Personal information
- Full name: Colin Donald Boulton
- Date of birth: 12 September 1945 (age 80)
- Place of birth: Cheltenham, England
- Height: 5 ft 11 in (1.80 m)
- Position: Goalkeeper

Youth career
- Charlton Kings
- Gloucester Police

Senior career*
- Years: Team / Apps / (Gls)
- 1964–1978: Derby County / 272 / (0)
- 1976: → Southampton (loan) / 5 / (0)
- 1978–1979: Tulsa Roughnecks / 46 / (0)
- 1979: Los Angeles Aztecs / 12 / (0)
- 1980–1981: Lincoln City / 4 / (0)

= Colin Boulton =

English footballer

Colin Donald Boulton (born 12 September 1945) is an English former footballer who played as a goalkeeper.

==Football career==
"Solid", "dependable", "ever present" are among the things that were said about him. Boulton was the only Derby County player to take part in all 84-league games during the team's two Championship winning seasons.

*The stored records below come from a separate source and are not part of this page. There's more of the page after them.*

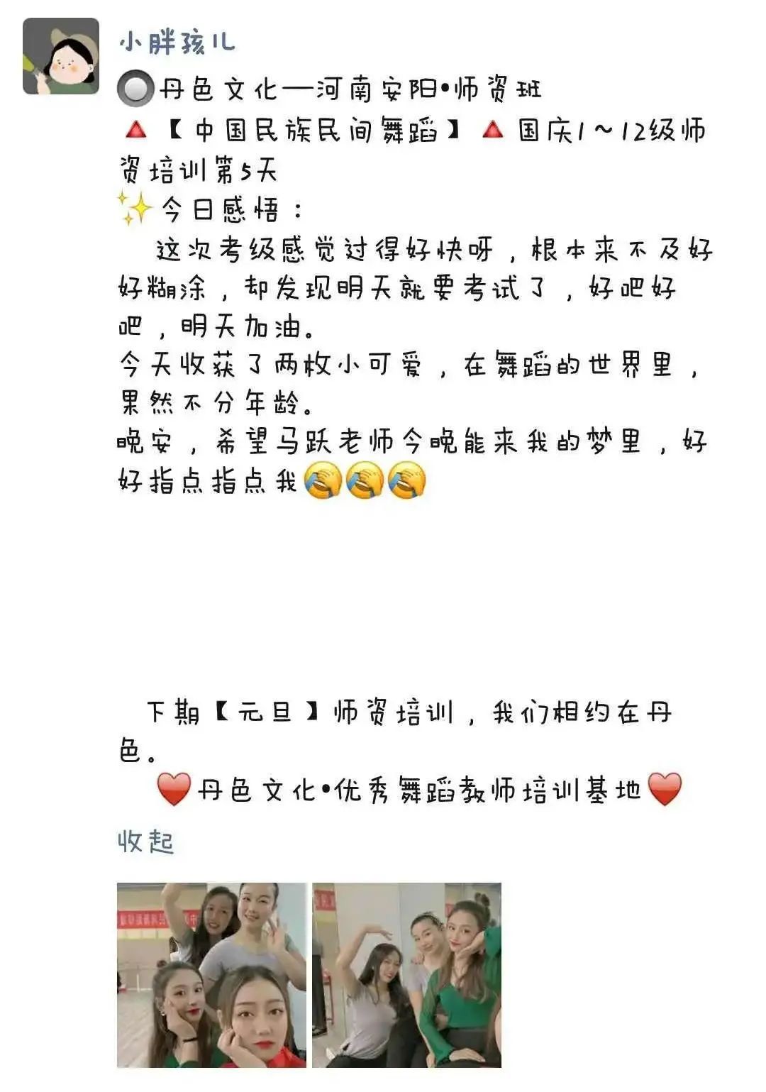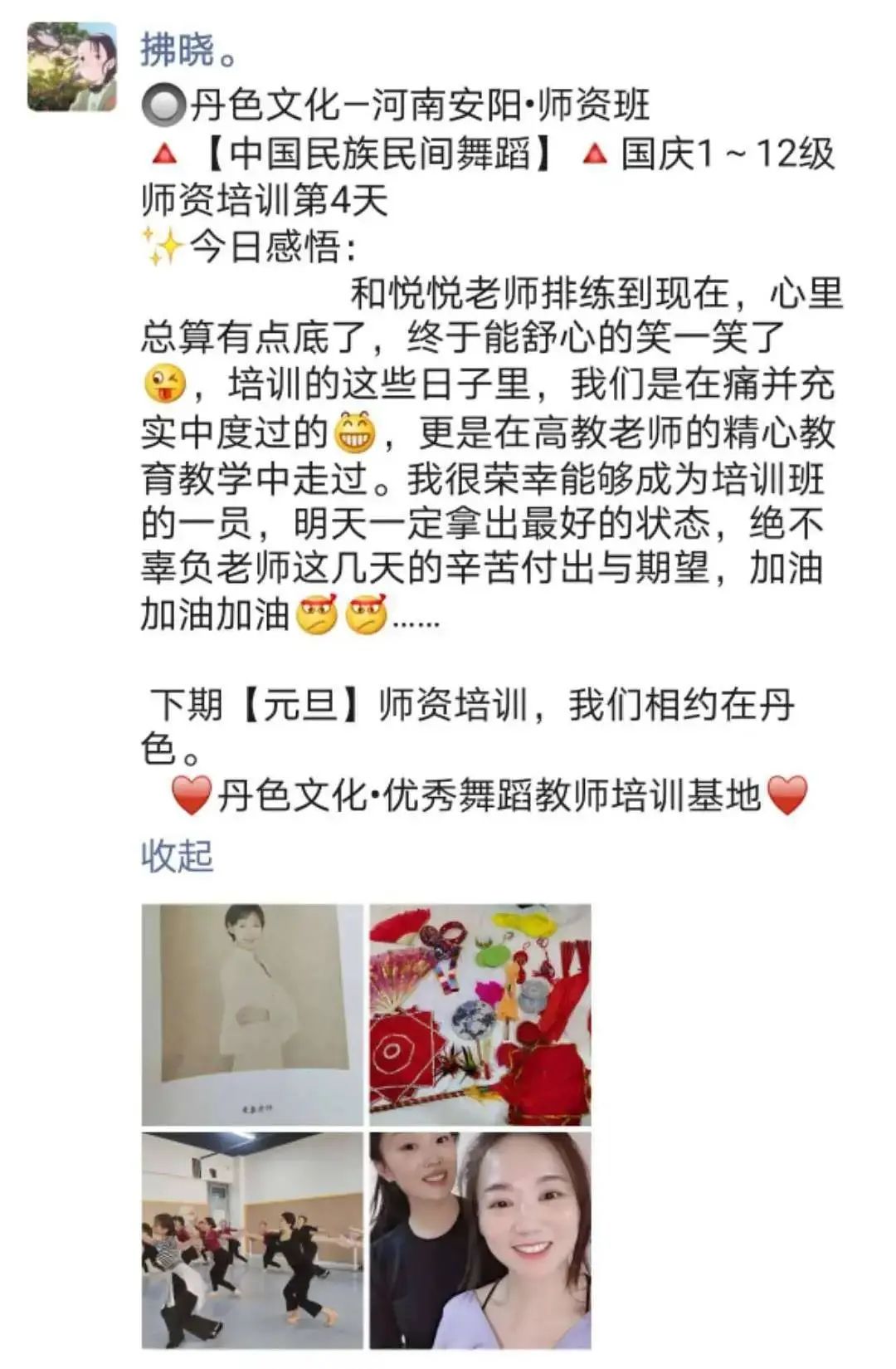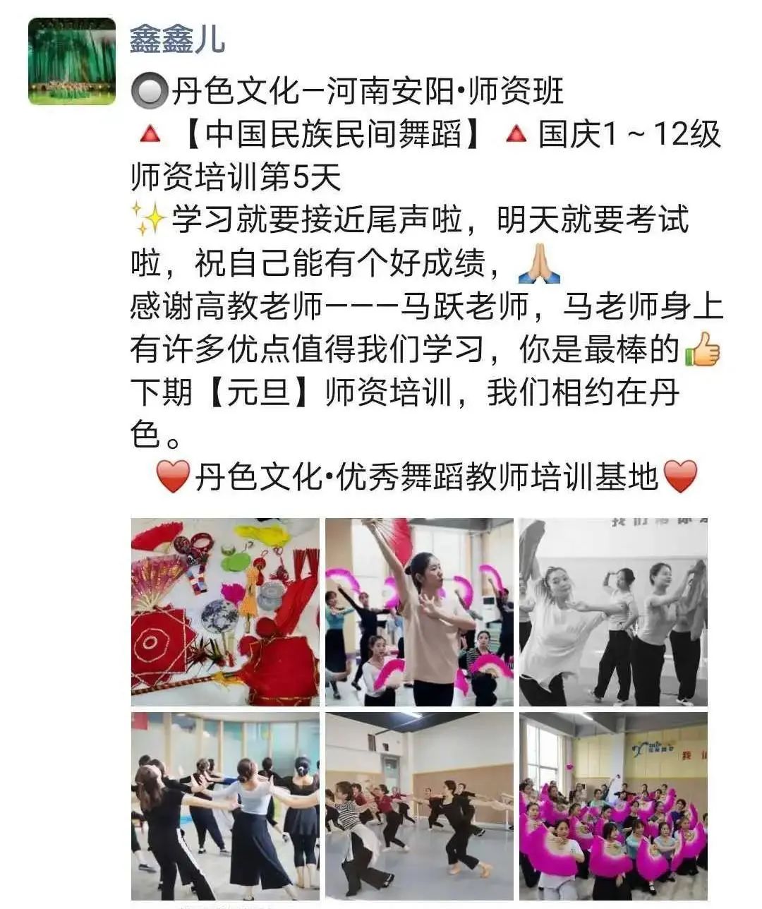 “因为热爱中国民族民间舞蹈,使得同样在舞蹈教育艺术之路上的我们有缘在鹤壁相遇。学员们不断交流、学习、了解并掌握了舞蹈教学的方法、要点及目的,并透过舞目本身了解更深层的民族民间文化内涵。
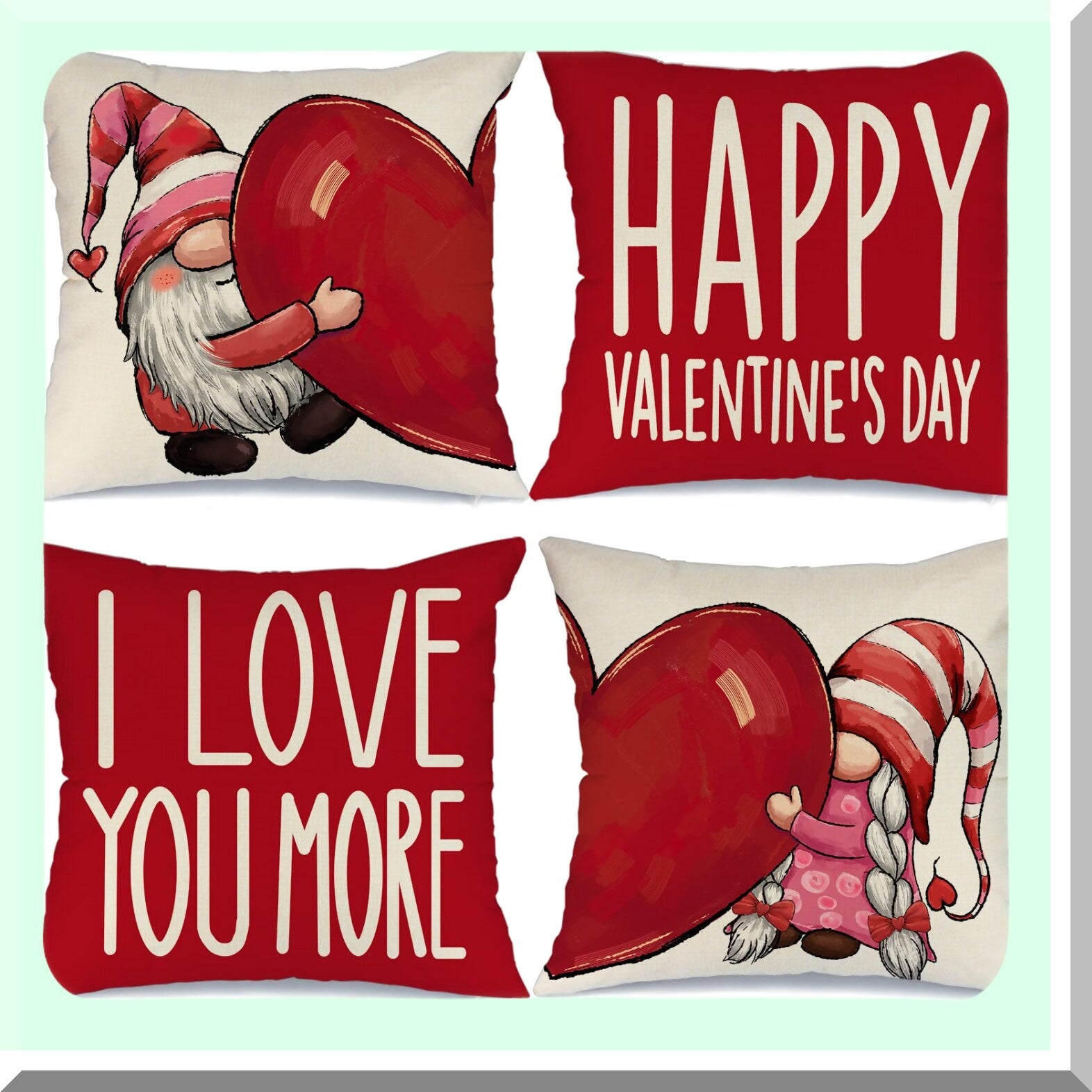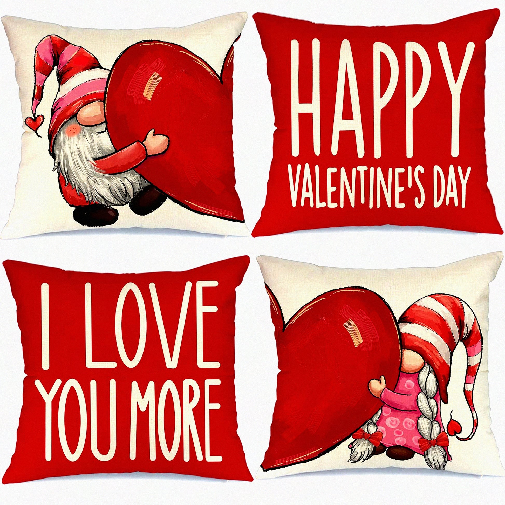 Love Gnomes Heart Pillow Covers - Set of 4 18x18 Decorative Throw Pillows for Valentines Day Decorations - Happy Home Decor
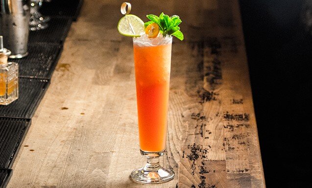 Время приготовления: 5мин. Сложность приготовления: легко Пищевая ценность: 202ккал. Ингредиенты. 25 мл темного рома (или смесь темного рома и золотистого Рома) 25 мл белого рома (или смесь белого рома и сверхпрочного Рома) 50 мл сока лайма (лимон) 150 мл ананасового сока лед 1 ч. л. гренадина Для украшения: долька апельсина мараскиновая вишня веточка мяты Налейте ром и фруктовые соки в шейкер для коктейлей, наполненный льдом, и сильно встряхните, пока снаружи шейкера не станет очень холодно. Процедите смесь в высокий стакан или стакан урагана, наполненный льдом, затем медленно влейте гренадин, чтобы окрасить напиток. Насадите дольку апельсина и вишни на коктейльную палочку. Украсьте напиток веточками мяты и нарезанными на фруктами. Приятного аппетита!
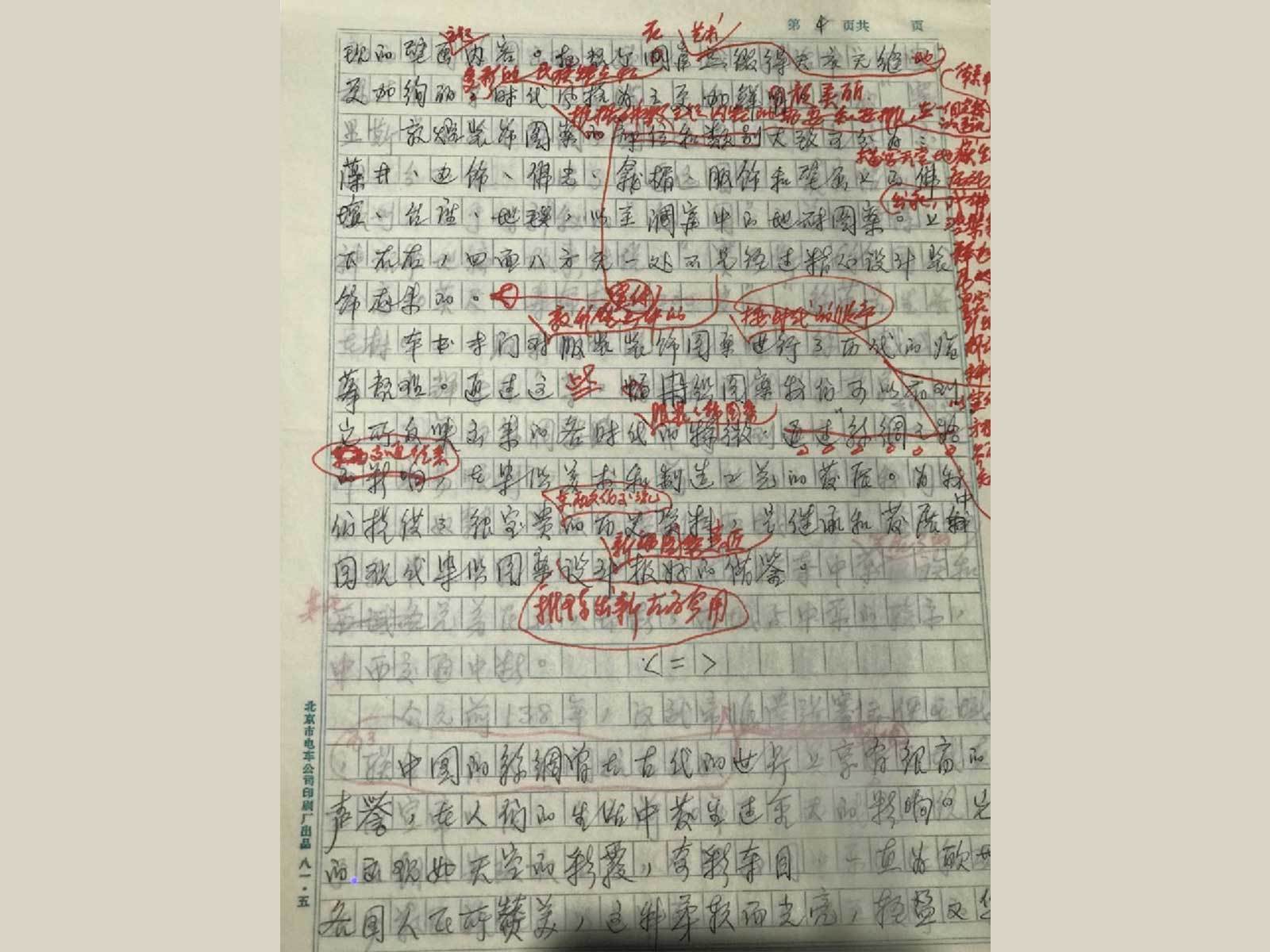 翻开《中国敦煌历代服饰图案》的手稿,随处可见常书鸿用红笔留下的圈圈点点。常沙娜在扉页上郑重写道:“珍贵的原稿,有着爸爸亲笔修改的笔迹。”
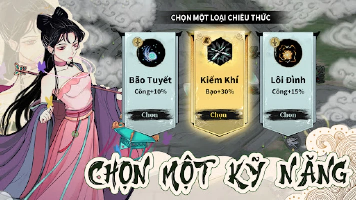 Hơn 100 kỹ năng độc đáo với nhiều biến thể, cho phép bạn tự do tạo ra những combo riêng biệt. Từ Ngự Kiếm, Lôi Phạt , đến Băng Sương, mỗi hệ phái đều có cơ chế chiến đấu độc đáo, đem lại sự đa dạng trong lối chơi.

Boulton was born in Cheltenham. His career began at Charlton Kings, then he played for Gloucester Police. Boulton was actually a Police Cadet in Cheltenham when he was noticed by Rams manager Tim Ward. Boulton arrived at the Baseball Ground in August 1964. His course to the first team was not always a smooth one, and it must have seemed to him that he was being overlooked as Brian Clough signed Rochdale keeper Les Green in 1968. It took another three seasons for Boulton to get his chance in the first team. Boulton kept 23 clean sheets during the Championship-winning 1971–72 season. He was also ever present in the team that won the First Division in 1975.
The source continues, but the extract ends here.